1948 film by William D. Russell

The Sainted Sisters is a 1948 American comedy film starring Veronica Lake and co-starring Joan Caulfield, Barry Fitzgerald, George Reeves, William Demarest and Beulah Bondi. The film was distributed by Paramount Pictures and is notable for being the last film Veronica Lake made under her contract with the studio.

==Plot==
After escaping New York City with the loot from a successful scam they pulled, sisters Letty and Jane Stanton decide to hide out in a small town in Maine close to the Canada–US border. Robbie McCleary takes them in, only to discover the large surplus of money mysteriously appearing.

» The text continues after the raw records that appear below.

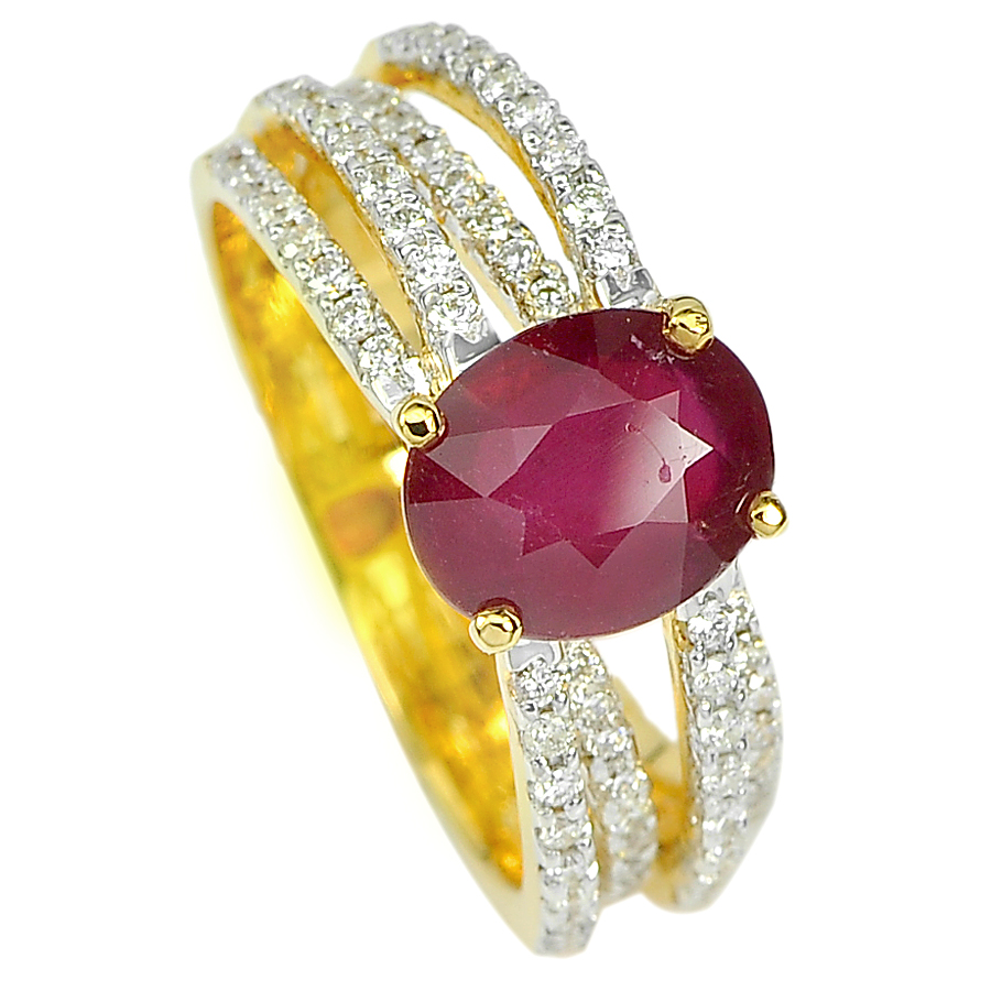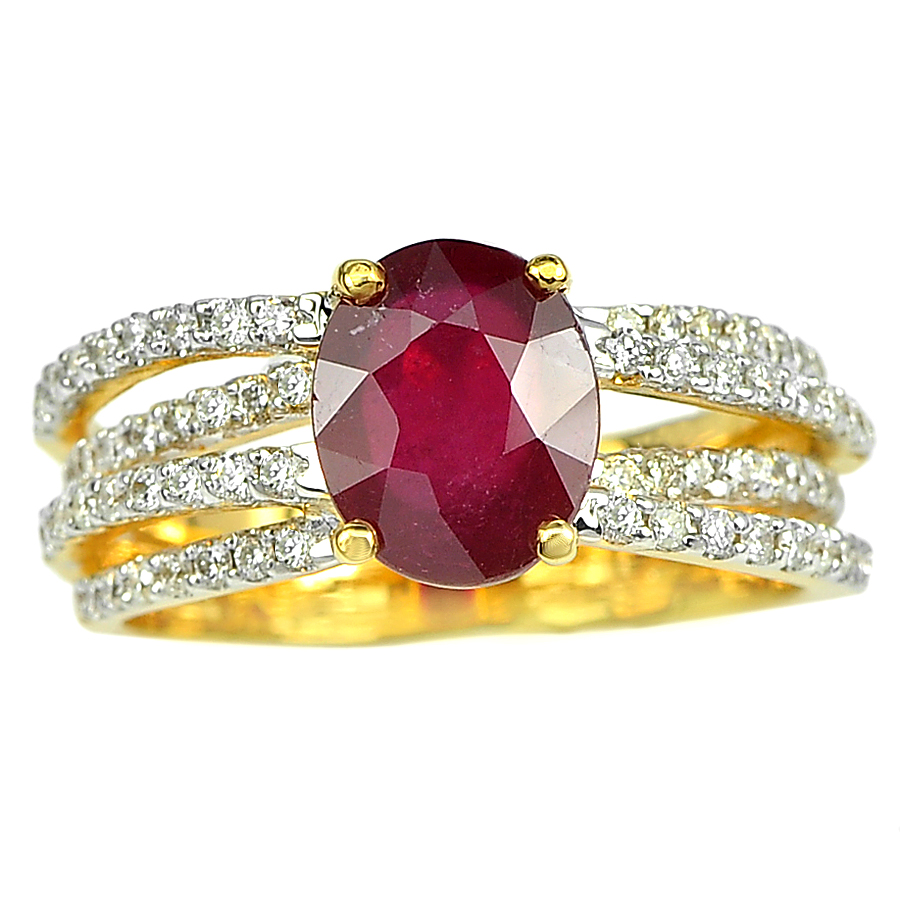 2.86 Ct. Oval Natural Red Ruby and White Diamond 18K Solid Gold Ring Size 6
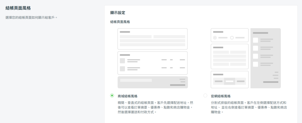 此設定可讓您選擇呈現給客戶的結帳頁面風格。
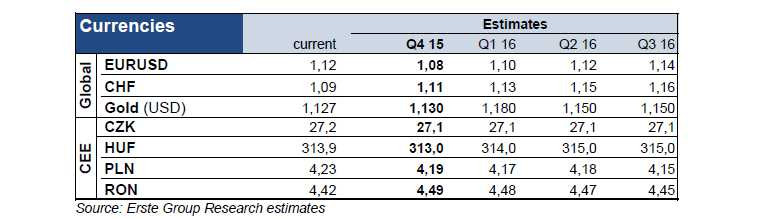 Analistii Erste mizeaza pe un curs de 4,49 lei/euro in trimestrul al patrulea, cu 1,8% peste nivelul actual de 4,413 lei/euro. De altfel, estimarile acestora pentru toate valutele din regiune (zlotul polonez, forintul maghiar, coroana ceha) anticipeaza deprecieri modeste.

The girls reluctantly get involved in a charity program and unwittingly become the local celebrities of the town, something that causes a problem when their fame attracts attention outside the small town and the people affected by their previous scams begin to catch up with them.

==Cast==

- Veronica Lake as Letty Stanton
- Joan Caulfield as Jane Stanton
- Barry Fitzgerald as Robbie McCleary
- George Reeves as Sam Stoaks
- William Demarest as Vern Tewilliger
- Beulah Bondi as Hester Rivercomb
- Chill Wills as Will Twitchll
- Kathryn Card as Martha Tewilliger
- Darryl Hickman as Jud Tewilliger
- Jimmy Hunt as David Frisbee
- Clancy Cooper as Cal Frisbee
- Dorothy Adams as Widow Davitt
- Hank Worden as Taub Beasley
- Ray Walker as Abel Rivercomb

==Production==
Elisa Bialk wrote a short story, The Sainted Sisters of Sandy Creek. It was adapted into a play by Bialk and Alden Nash, which was to be produced by the Theatre Guild in 1944 as a possible vehicle for Tallulah Bankhead. However the play was never produced.

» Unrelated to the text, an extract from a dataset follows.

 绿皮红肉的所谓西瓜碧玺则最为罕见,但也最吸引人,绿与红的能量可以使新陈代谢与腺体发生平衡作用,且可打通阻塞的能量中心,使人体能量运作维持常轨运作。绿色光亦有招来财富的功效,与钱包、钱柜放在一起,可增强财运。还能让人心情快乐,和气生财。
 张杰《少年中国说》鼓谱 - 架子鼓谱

Film rights were bought by Paramount in July 1946. They originally announced Betty Hutton would star from a Mindred Lord script, co-starring Diana Lynn (sister), John Lund (minister) and Sterling Hayden (cop), with Val Lewton to produce and Mitchell Leisen to direct in early 1947.

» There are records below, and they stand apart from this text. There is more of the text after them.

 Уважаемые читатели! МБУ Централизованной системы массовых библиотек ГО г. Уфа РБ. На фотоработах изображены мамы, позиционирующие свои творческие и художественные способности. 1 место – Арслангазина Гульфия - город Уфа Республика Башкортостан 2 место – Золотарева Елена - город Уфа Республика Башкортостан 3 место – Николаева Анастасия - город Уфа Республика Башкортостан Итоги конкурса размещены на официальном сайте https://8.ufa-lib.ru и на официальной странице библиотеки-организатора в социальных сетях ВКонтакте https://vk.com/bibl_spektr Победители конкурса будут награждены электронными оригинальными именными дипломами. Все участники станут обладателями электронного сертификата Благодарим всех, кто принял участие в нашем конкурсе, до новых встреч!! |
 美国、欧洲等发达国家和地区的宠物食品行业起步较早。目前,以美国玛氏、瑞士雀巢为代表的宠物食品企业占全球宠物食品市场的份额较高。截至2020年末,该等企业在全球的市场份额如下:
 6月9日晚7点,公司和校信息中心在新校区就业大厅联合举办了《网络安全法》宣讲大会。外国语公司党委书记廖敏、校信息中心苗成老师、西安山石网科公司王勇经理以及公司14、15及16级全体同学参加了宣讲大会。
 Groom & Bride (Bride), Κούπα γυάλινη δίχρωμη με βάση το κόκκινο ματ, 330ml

However Hutton and Leisen wound up instead working on Dream Girl and the project was postponed. It was re-activated later in 1947 with Hutton still down as star; George Marshall was to direct and Richard Maibaum was to produce from an N. Richard Nash and Mary McCall script. William Demarest, Sterling Hayden, Barry Fitzgerald and Joan Caulfield were to support Hutton.

Hutton dropped out to go on maternity leave and was replaced by Veronica Lake; George Marshall was replaced as director by William Russell. Sterling Hayden refused to play his role and was put on suspension. His role was taken by George Reeves. Filming started in October 1947.

This was the last film Veronica Lake made under her contract with Paramount. She had previously been one of their top stars throughout the early 1940s.

==Reception==
Diabolique said "maybe this would’ve worked if Betty Hutton had been able to play the lead, as originally intended. Instead Paramount went with Lake who is disastrously miscast, lacking sparkle and verve in a part that needs, well, Hutton – or even Diana Lynn. Joan Caulfield has some game as her sister but is mostly just pretty. Mind you, neither have much of a character to play."